[[ Source information open ]]
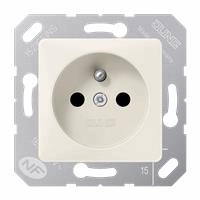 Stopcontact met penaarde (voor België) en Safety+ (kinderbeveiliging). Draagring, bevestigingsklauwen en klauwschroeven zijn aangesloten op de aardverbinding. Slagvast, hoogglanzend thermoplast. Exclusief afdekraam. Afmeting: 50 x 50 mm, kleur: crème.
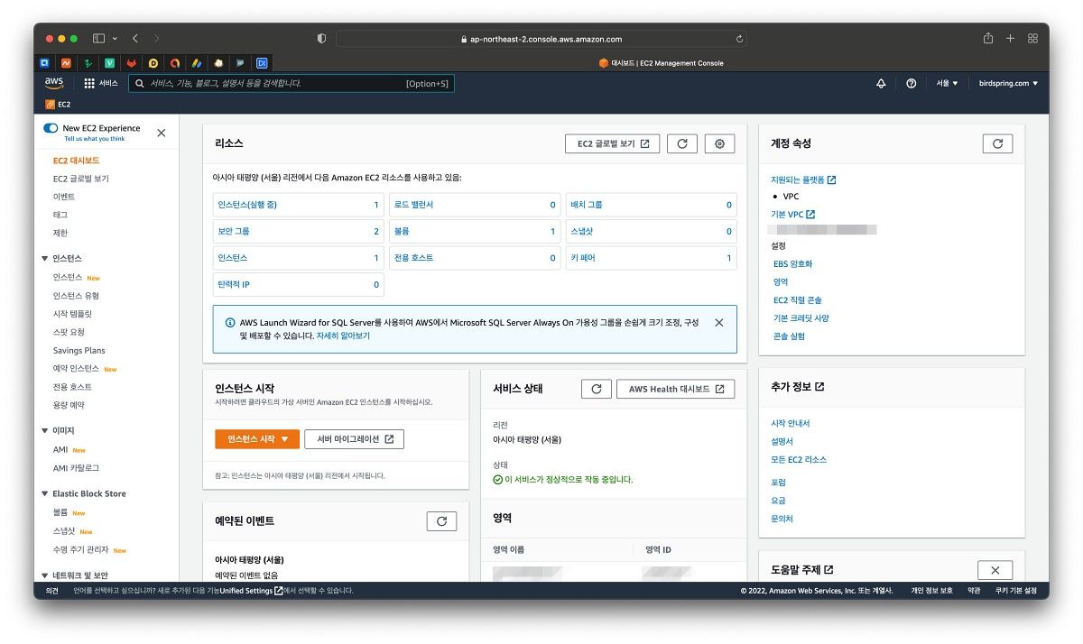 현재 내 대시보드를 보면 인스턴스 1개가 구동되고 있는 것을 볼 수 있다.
[[ Source information closed ]]
[[ Source information open ]]
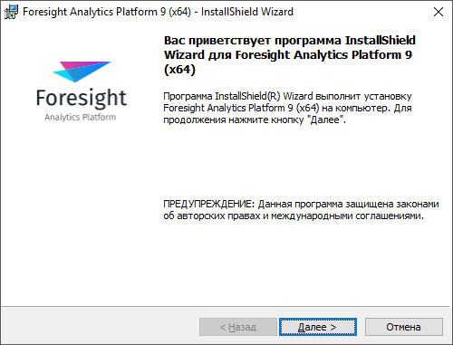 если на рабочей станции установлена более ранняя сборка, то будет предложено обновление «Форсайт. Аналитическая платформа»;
[[ Source information closed ]]
* **What you will do**
With pictures excluded, reproduce exactly the lines above from the one containing "Stopcontact met penaarde" down to the one containing "현재 내 대시보드를 보면 인스턴스 1개가 구동되고 있는 것을 볼 수 있다.", those two included.

* **Answer**
 Stopcontact met penaarde (voor België) en Safety+ (kinderbeveiliging). Draagring, bevestigingsklauwen en klauwschroeven zijn aangesloten op de aardverbinding. Slagvast, hoogglanzend thermoplast. Exclusief afdekraam. Afmeting: 50 x 50 mm, kleur: crème.
 현재 내 대시보드를 보면 인스턴스 1개가 구동되고 있는 것을 볼 수 있다.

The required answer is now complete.